### Recorded information
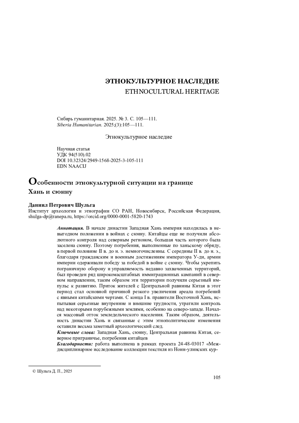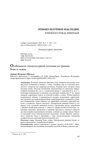 ШУЛЬГА Д. П. ОСОБЕННОСТИ ЭТНОКУЛЬТУРНОЙ СИТУАЦИИ НА ГРАНИЦЕ ХАНЬ И СЮННУ // СИБИРЬ ГУМАНИТАРНАЯ. 2025. № 3 (11)
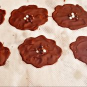 He pintado unas flores sobre la marcha en papel de horno. He derretido el chocolate negro y con una manga pastelera, he rellenado la flores y le he puesto las bolitas de tres chocolate. Las he metido en el frigo un ratito para que endurezcan y luego las he pegado sobre las galletas con el mismo chocolate derretido.
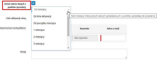 Rys. 2. Możliwość włączenia/wyłączenia przekazywania danych oraz określenia ilości miesięcy historycznych danych sprzedażowych do przesłania
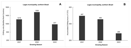 According to meteorological data collected in the municipality of Lages, SC, from January 2021 to September 2023 (Figure 1), notable climatic differences were observed between the 2021–2022 and 2022–2023 growing seasons, particularly during the critical stages of “Leticia” plum development. During the winter dormancy period (April to August), the 2022 growing season showed lower average temperatures and a greater number of days with minimum temperatures below 7.2 °C compared to 2021 growing season. As illustrated in Figure 2, both chilling hours and chill units were higher in 2022 growing season, indicating a colder and more prolonged chilling period.

### What to produce
Output a faithful copy of the data, with each picture left out.

### Response to the exercise
 ШУЛЬГА Д. П. ОСОБЕННОСТИ ЭТНОКУЛЬТУРНОЙ СИТУАЦИИ НА ГРАНИЦЕ ХАНЬ И СЮННУ // СИБИРЬ ГУМАНИТАРНАЯ. 2025. № 3 (11)
 He pintado unas flores sobre la marcha en papel de horno. He derretido el chocolate negro y con una manga pastelera, he rellenado la flores y le he puesto las bolitas de tres chocolate. Las he metido en el frigo un ratito para que endurezcan y luego las he pegado sobre las galletas con el mismo chocolate derretido.
 Rys. 2. Możliwość włączenia/wyłączenia przekazywania danych oraz określenia ilości miesięcy historycznych danych sprzedażowych do przesłania
 According to meteorological data collected in the municipality of Lages, SC, from January 2021 to September 2023 (Figure 1), notable climatic differences were observed between the 2021–2022 and 2022–2023 growing seasons, particularly during the critical stages of “Leticia” plum development. During the winter dormancy period (April to August), the 2022 growing season showed lower average temperatures and a greater number of days with minimum temperatures below 7.2 °C compared to 2021 growing season. As illustrated in Figure 2, both chilling hours and chill units were higher in 2022 growing season, indicating a colder and more prolonged chilling period.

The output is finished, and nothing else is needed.